START Working data

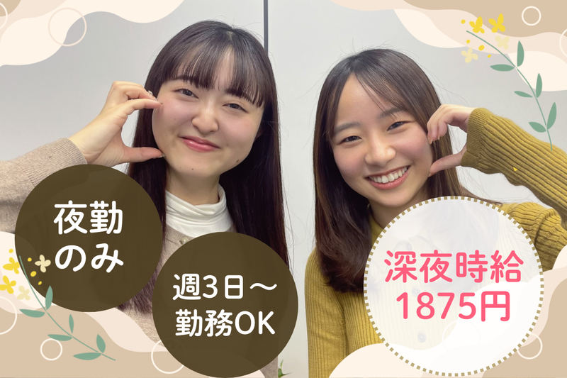 夜勤のみ!22時~7時の勤務で月収31万⭐週3日~もOK
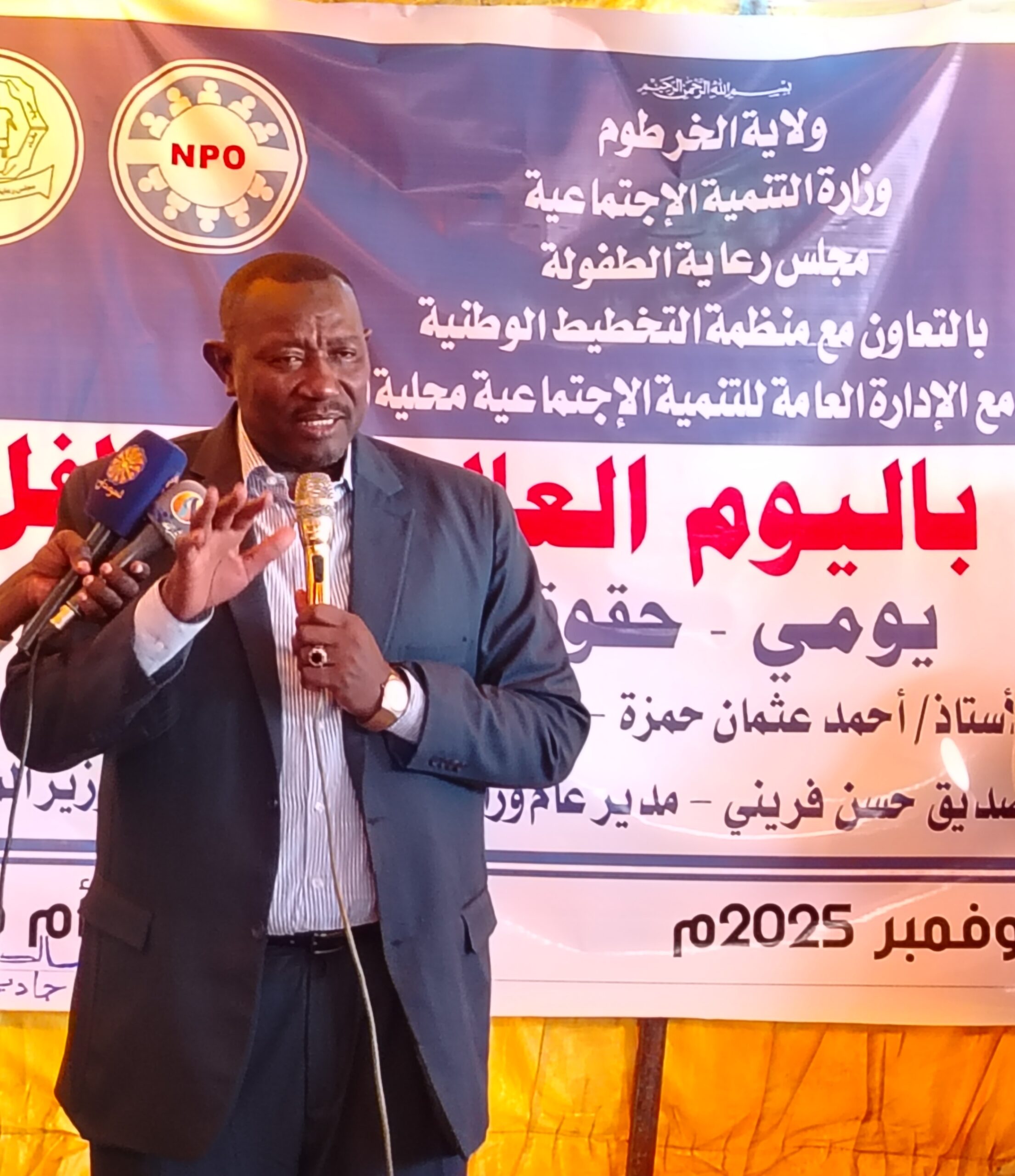 من جانبه أكد وزير التنمية الاجتماعية بولاية الخرطوم، صديق فريني، في بيانه خلال الاحتفال، أن اليوم العالمي للطفل الذي يوافق 20 نوفمبر من كل عام يمثل مناسبة للتأكيد على حقوق الأطفال الأساسية دون تمييز، وتعزيز مشاركتهم الفاعلة في المجتمع.
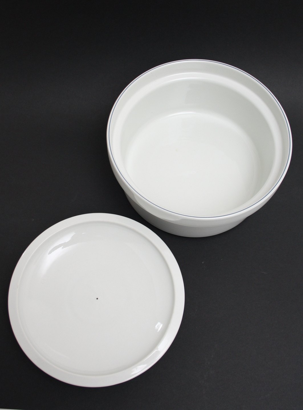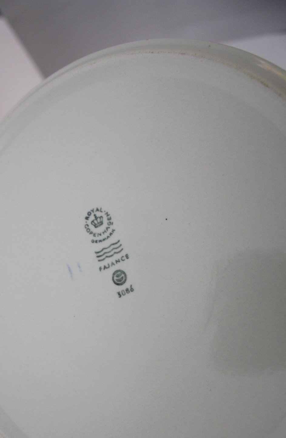 Royal Copenhagen fajance, Blåkant. Designet af Grethe Meyer i 1965. Terrin med låg. Nr. 3086. Højde med låg 13,5 cm. Diameter 20,5 cm. II. sortering. Fin stand. Pris: SOLGT
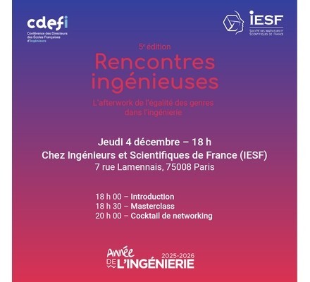 Dans le cadre de son opération annuelle Ingénieuses, la CDEFI organise le 4 décembre 2025 la 5e édition de ses Rencontres Ingénieuses, un afterwork dédié aux questions d'égalité des genres dans les études et carrières d'ingénieur·e·s. L'événement sera accueilli par Ingénieurs et scientifiques de France (IESF), soutien d'Ingénieuses depuis plusieurs années, avec au programme une masterclass visant à donner aux étudiantes et femmes ingénieures des clés pour leur carrière, suivie d'un cocktail de networking avec les nominées et lauréates Ingénieuses ainsi que les partenaires de l'opération.
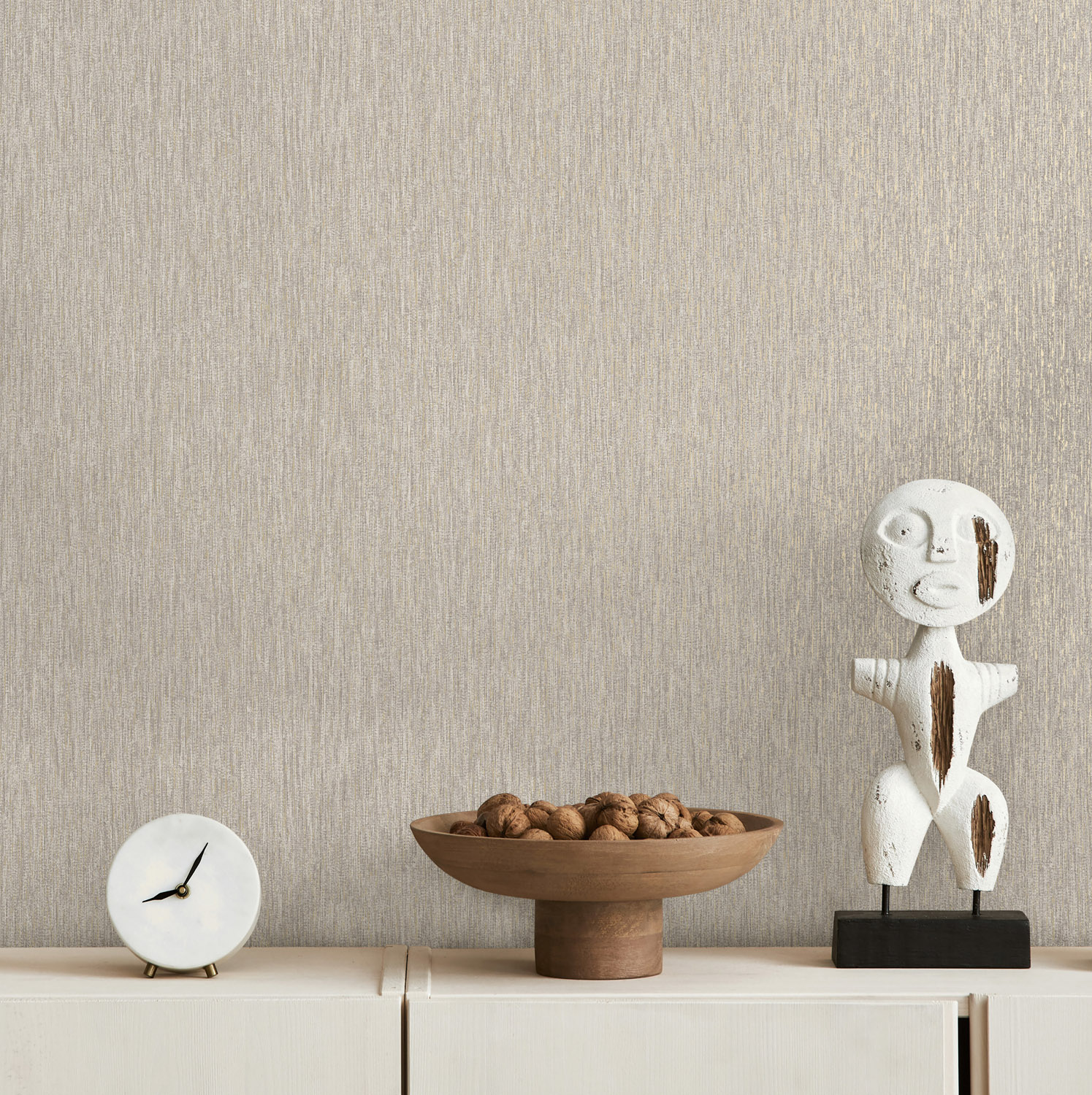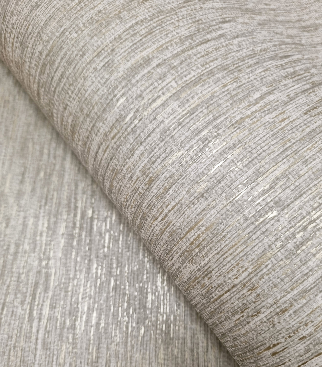 Textura heeft een strak, geweven lijnenspel dat doet denken aan riet. De structuur voelt zacht en natuurlijk, terwijl subtiele metallic accenten het ontwerp net dat beetje sprankeling geven.
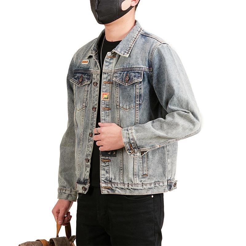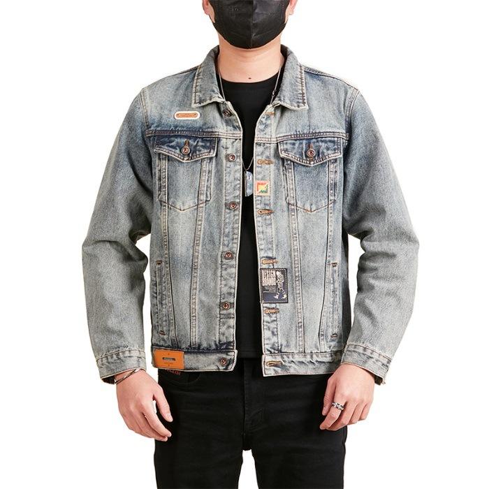 Новая джинсовая куртка мужская свободная с вышивкой медведя, ретро рабочая одежда, повседневный джинсовый топ
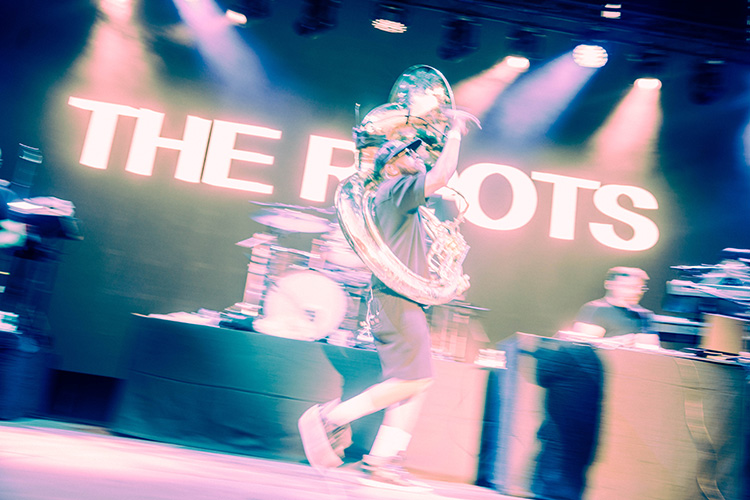Puede que The Roots sea una banda de hip hop, y no una cualquiera, posiblemente estemos ante una de las diez mejores agrupaciones del género, pero trascienden los límites del mismo porque son una banda en todos los sentidos, y es que The Roots no son solo dos tocadiscos y un micrófono, sino una banda en el sentido tradicional del término, una que toca (y cómo lo hacen) sus propios instrumentos. Son nueve alli arriba, saxofón, trompeta, tuba, guitarra eléctrica, bajo, teclados, un DJ que toca también una batería electrónica y, por supuesto, Queslove a la batería y Black Thought como maestro de ceremonias.
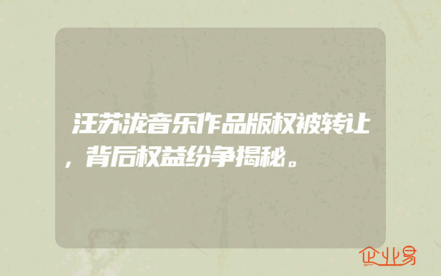 - 汪苏泷音乐作品版权被转让,背后权益纷争揭秘。
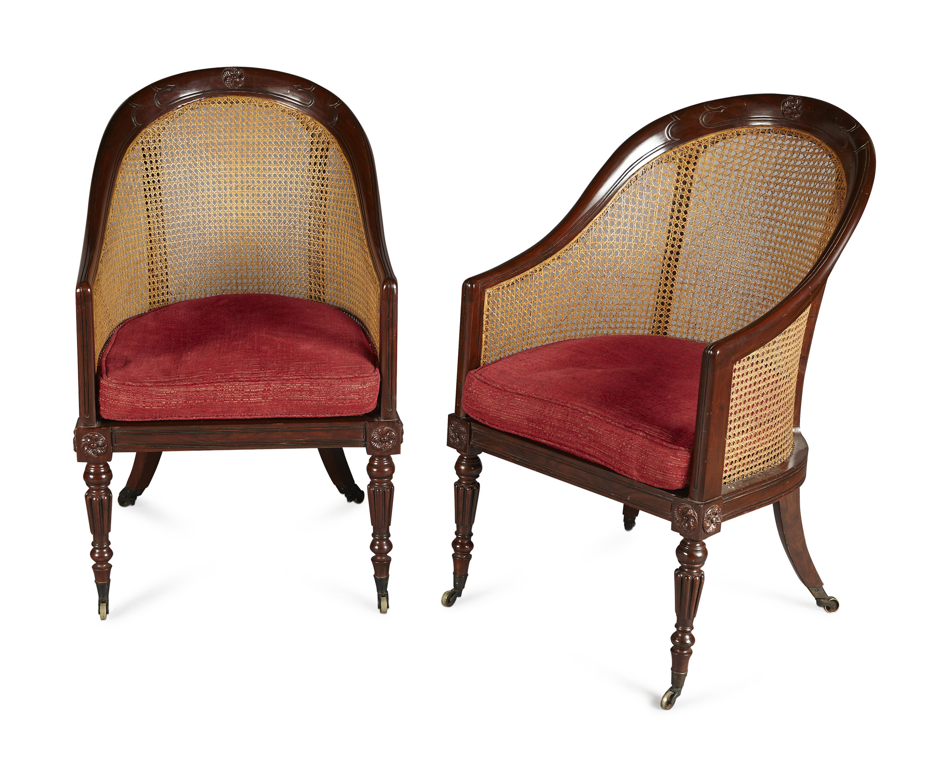 PAIR OF REGENCY STYLE MAHOGANY LIBRARY ARMCHAIRS

END Working data

§ Task description
The images are to be left out while the entries are written out exactly.

§ Solution
 夜勤のみ!22時~7時の勤務で月収31万⭐週3日~もOK
 من جانبه أكد وزير التنمية الاجتماعية بولاية الخرطوم، صديق فريني، في بيانه خلال الاحتفال، أن اليوم العالمي للطفل الذي يوافق 20 نوفمبر من كل عام يمثل مناسبة للتأكيد على حقوق الأطفال الأساسية دون تمييز، وتعزيز مشاركتهم الفاعلة في المجتمع.
 Royal Copenhagen fajance, Blåkant. Designet af Grethe Meyer i 1965. Terrin med låg. Nr. 3086. Højde med låg 13,5 cm. Diameter 20,5 cm. II. sortering. Fin stand. Pris: SOLGT
 Dans le cadre de son opération annuelle Ingénieuses, la CDEFI organise le 4 décembre 2025 la 5e édition de ses Rencontres Ingénieuses, un afterwork dédié aux questions d'égalité des genres dans les études et carrières d'ingénieur·e·s. L'événement sera accueilli par Ingénieurs et scientifiques de France (IESF), soutien d'Ingénieuses depuis plusieurs années, avec au programme une masterclass visant à donner aux étudiantes et femmes ingénieures des clés pour leur carrière, suivie d'un cocktail de networking avec les nominées et lauréates Ingénieuses ainsi que les partenaires de l'opération.
 Textura heeft een strak, geweven lijnenspel dat doet denken aan riet. De structuur voelt zacht en natuurlijk, terwijl subtiele metallic accenten het ontwerp net dat beetje sprankeling geven.
 Новая джинсовая куртка мужская свободная с вышивкой медведя, ретро рабочая одежда, повседневный джинсовый топ
Puede que The Roots sea una banda de hip hop, y no una cualquiera, posiblemente estemos ante una de las diez mejores agrupaciones del género, pero trascienden los límites del mismo porque son una banda en todos los sentidos, y es que The Roots no son solo dos tocadiscos y un micrófono, sino una banda en el sentido tradicional del término, una que toca (y cómo lo hacen) sus propios instrumentos. Son nueve alli arriba, saxofón, trompeta, tuba, guitarra eléctrica, bajo, teclados, un DJ que toca también una batería electrónica y, por supuesto, Queslove a la batería y Black Thought como maestro de ceremonias.
 - 汪苏泷音乐作品版权被转让,背后权益纷争揭秘。
 PAIR OF REGENCY STYLE MAHOGANY LIBRARY ARMCHAIRS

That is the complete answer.